Freidel bemängelt nicht nur die Humorlosigkeit „eines Teil des bürgerlichen, linken Milieus“, sondern auch den Abgang andersdenkender Kolumnisten bei bestimmten Medien, wie den Jan Fleischhauers beim Spiegel oder Harald Martensteins beim Tagesspiegel. „Das Ziel der neuen Zensoren – oft jung, woke, und ausgestattet mit Hoodie und Nike – ist nicht das Verbot selbst, sondern die Einschüchterung“ urteilt Ulf Poschardt in der Jüdischen Allgemeinen zu dieser Causa. „Hoffen wir“, fährt er fort, „dass Maxim Biller weiter für die ZEIT schreiben kann. Und hoffen wir, dass auch in anderen Redaktionen, in denen der Diskurs längst gekippt ist, ein Umdenken einsetzt.

Erweiterte Inklusion am Rhein

Wechseln wir zu Kindern, die in den nächsten beiden Fällen eine Rolle spielen, wenn auch nur indirekt. Dass Kinder den Begriff „Spielplatz“ „eingrenzend“ empfänden, wäre mir neu. Die Kölner Stadtverwaltung weiß das aber besser. Angeblich würden Jugendliche von der Benutzung der als solche apostrophierten „Kinderspielplätze“ abgeschreckt. Auch deshalb sollen sie in der Domstadt künftig „Spiel- und Aktionsflächen“ heißen. Die alte Beschilderung soll ausgetauscht werden, so eine Verwaltungsvorlage, die neue „muss dem erweiterten Inklusionsgedanken, der die Diversität der Nutzer*innen in [sic!] Rahmen ihres Alters, ihrer kulturellen Hintergründe und möglicher Behinderungen berücksichtigt, Rechnung [tragen]“. Die Figuren auf dem neuen Schild sind so gestaltet, dass sie „kaum Rückschlüsse auf das Alter der Personen, aber vor allem auch auf kulturellen Hintergrund und Nationalität oder eventuelle Beeinträchtigungen“ zulassen – „ein Schild für alle!“ 

Bisher waren die Figuren weiß, in der Neugestaltung finden wir u.a. eine blaue, violette und grüne Hautfarbe vor. Da muss sich niemand ausgeschlossen fühlen. Allerdings könnten mehrere als männlich oder weiblich ‚gelesen‘ werden – vielleicht ein Tribut an Kulturen mit geringer Verbreitung der Nicht-Binarität. Nach massenmedialem Bekanntwerden des Vorgangs nimmt die parteilose Kölner Oberbürgermeisterin Henriette Reker jetzt davon (eine Armlänge) Abstand. Sie kritisiert die Vorlage der von ihr geleiteten Verwaltung sowohl inhaltlich („finde die Bezeichnung ‚Spielplatz‘ klar und verständlich“) als auch formal – sie sah keinen Stadtratsbeschluss vor, der nun kurz vor der Kommunalwahl im September erfolgen soll.

Zu deutsch für Geld

Die Verweigerung einer Kultursubvention muss nicht auf einer Cancel-Entscheidung beruhen.
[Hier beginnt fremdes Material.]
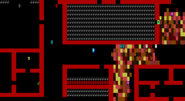 Graphics are very basic, almost all solid tiles for the environments. At least the character set was edited. Also there's no music and the sound effects are all stock PC speaker effects. Not good, but not bad enough to be offensive.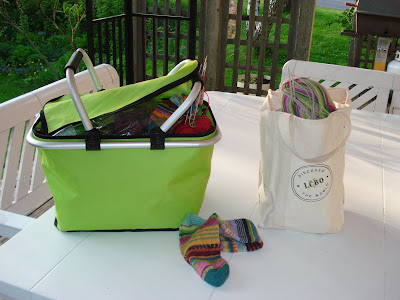 While away on vacation, I was doing hand knitting, stocking up on socks and knitting some hand knit flowers for a new Wrap I now do. Sometime before heading out I was in the LCBO and picked up one of their hand picnic baskets which fold flat and have a zip pocket inside and a zip lid. Sooo cute I bought a pink one too…. they come in four colours. Well, my balls of sock yarn have overflowed the large Ziploc back I put it in and so I threw them in this lovely lime green basket….. well it’s now my sock basket…. and I can always locate it. It sits beautifully on the floor next to the sofa so I can pick up and knit when I’m watching TV.

Im Falle des Theaters der kleinen Form in Berlin lässt allerdings die Begründung aufhorchen. Dieses Puppentheater für Kinder in Friedrichshain – also dem Ostteil des Bezirks Friedrichshain-Kreuzberg – besteht seit 25 Jahren, kann sich finanziell gerade so über Wasser halten und beschäftigt gerade mal eine Teilzeit-Mitarbeiterin, wie Chefin Evelyn der B.Z. gegenüber mitteilt. Man hatte Gelder aus einem Senats-Fördertopf für Kinder- und Jugendtheater beantragt, eine Jury auf Bezirksebene sprach allerdings ihr Njet aus. Als mögliche Begründung drang jetzt ein mehrere Jahre altes offizielles Papier nach außen, demzufolge die Aufführungen des Theaters zu altmodisch seien, obwohl sich der Stadtteil in den letzten 20 Jahren doch gewandelt habe. Wörtlich heißt es: „Themenauswahl ist klassisch, sehr deutsch, Familienverein“.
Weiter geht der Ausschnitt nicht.